For what it's worth, my GPA is ~3.8, MCAT 38+, have 4+ years of research experience, multiple first author pubs, multiple international conference presentations, a thesis, ~100 hours of shadowing, a tiny amount of volunteering (<50 hours), and some programming experience. So basically an application with strong research, strong MCAT, and a decent GPA, but with very little in the way of volunteering or other activities. I applied early to 18 schools (range of MSTPs with one non-MSTP thrown in) and got 6 IIs (I assume any school I haven't heard back from at this point is a rejection). Of those 6 IIs, 3 resulted in rejections. Of the remaining three, I should have heard back from two of them about 2 months ago so that isn't encouraging, and I'm not holding my breath for the third one. The fact that I just renewed my apartment lease for 12 months should be a good indication of what I'm expecting to come from this cycle.

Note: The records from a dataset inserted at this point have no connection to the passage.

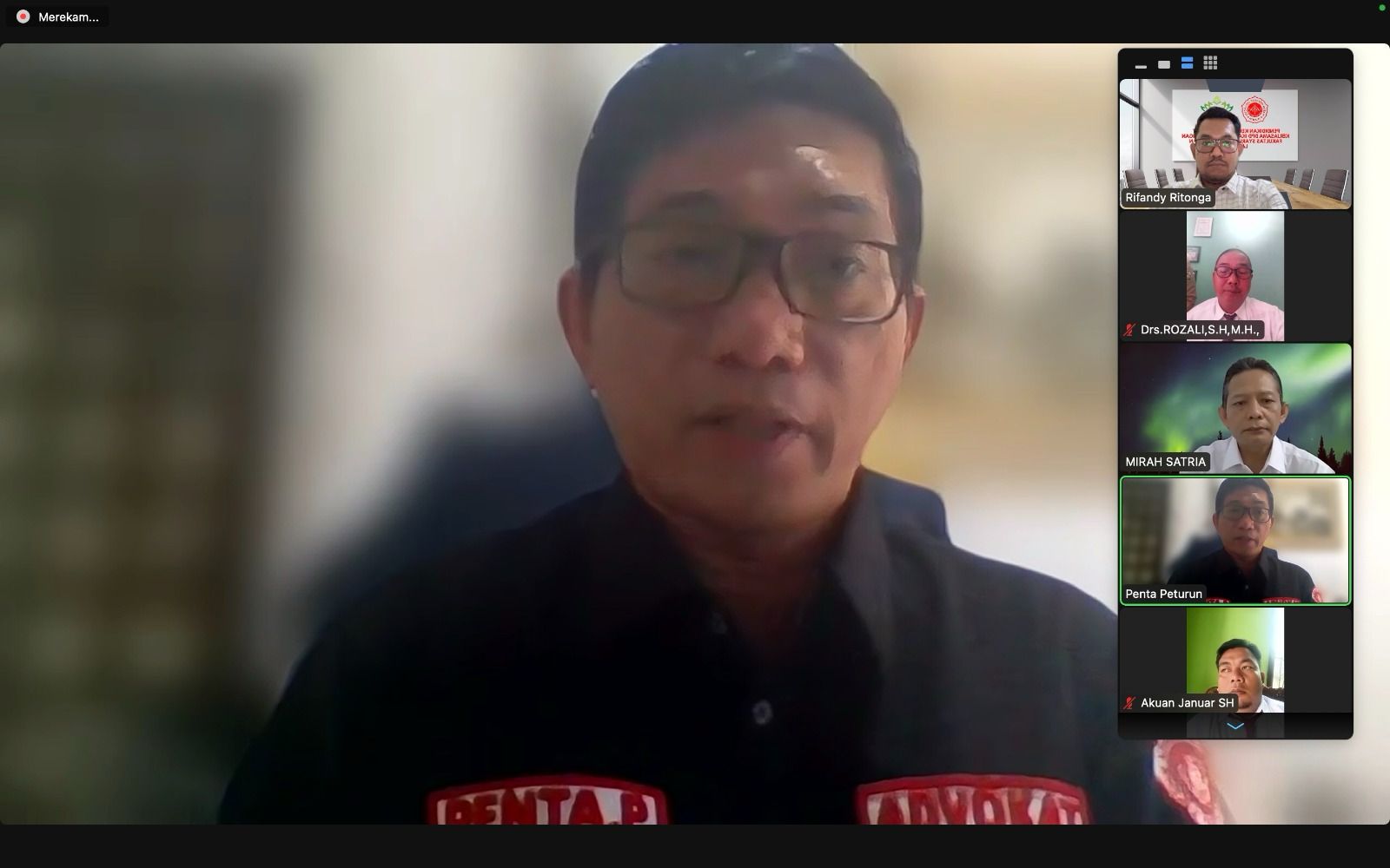 Pembukaan PKA dilakukan melalui virtual zoom, oleh Penta Peturun selaku Ketua DPD IKADIN Lampung sekaligus Wakil Sekretaris DPP IKADIN Pusat bersama Wakil Dekan II Fakultas Syariah UIN-RIL.
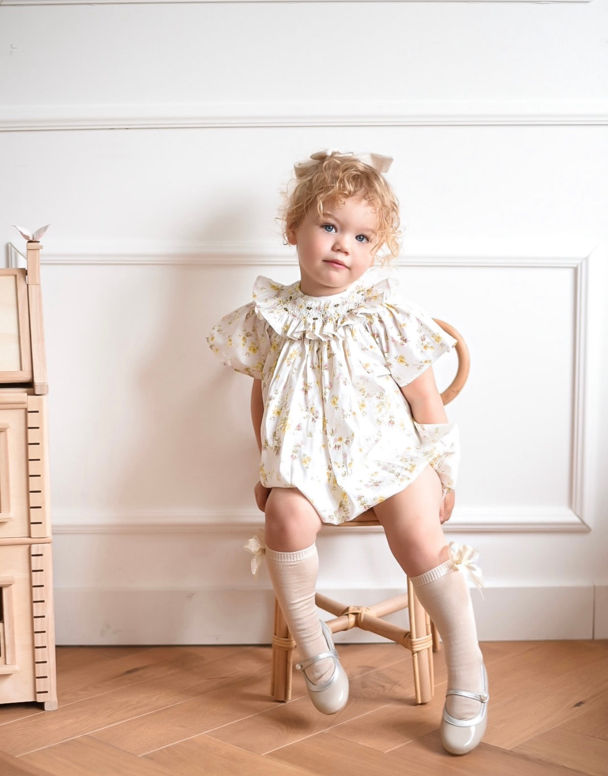 MI LOVES SS21 Beautiful Floral Romper with Hand Smoking details
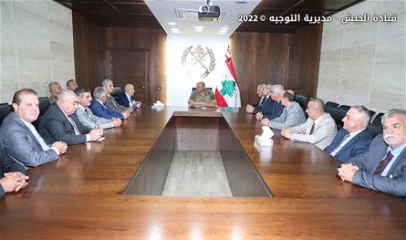 استقبل قائد الجيش العماد جوزاف عون في مكتبه باليرزة، رئيس رابطة قدامى القوات المسلحة اللواء الركن المتقاعد نقولا مزهر، على رأس وفد من الرابطة.
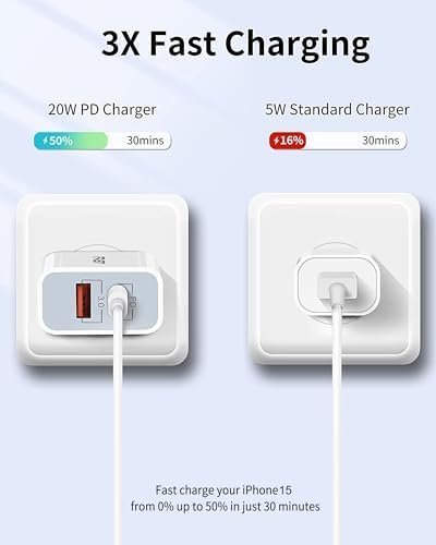 With power delivery 3.0 fast charging technology, charge your iphone 15/14 up to 50% in just 30 minutes. 3X faster than 5W charger.

There's a perception that MD/PhD programs really only care about research and stats, with maybe only the top schools also putting emphasis on the usual MD stuff. Maybe that used to be true, but I'm not sure it holds anymore. If you look at the acceptances thread for this year, virtually everyone posting an acceptance has a strong MD application in addition to strong research experience. As a supporting anecdote, I was in a group conversation with an adcom member of one program who let slip that the only people she recommended for admission each year were those with music and/or athletics on their CV. Also, many schools I interviewed at seemed to almost care more about non-research activities (one MSTP never even asked me a single question about my research while I was there, I kid you not).
All that said, I wouldn't be much of a scientist if I didn't try to disprove my own position. I had some people who read over my essays tell me I didn't come across as caring a whole lot about medicine (which would have been nice of them to tell me when I asked for feedback before submitting my application), and the same point was brought up at one of my interviews rather bluntly by one interviewer, so that could explain a lot if that truly is how the application came across. But then again, much of the reason I spent more time talking about research in my essays is because that's really the only stuff of substance I had to talk about on my CV (kind of hard to convincingly argue that you have a passion for medicine when all you've done is shadow). I also haven't gotten feedback from programs that rejected me post-interview, so for all I know I was rejected for reasons totally unrelated to a lack of activities/volunteering. Also, Fencer is a program director and he seems to have a different opinion on this matter, so there's that.
tl;dr - My personal experience leads me to believe that your lack of activities, especially volunteering, will be a severe impediment to your success as an applicant no matter what your MCAT score, but my perspective is limited.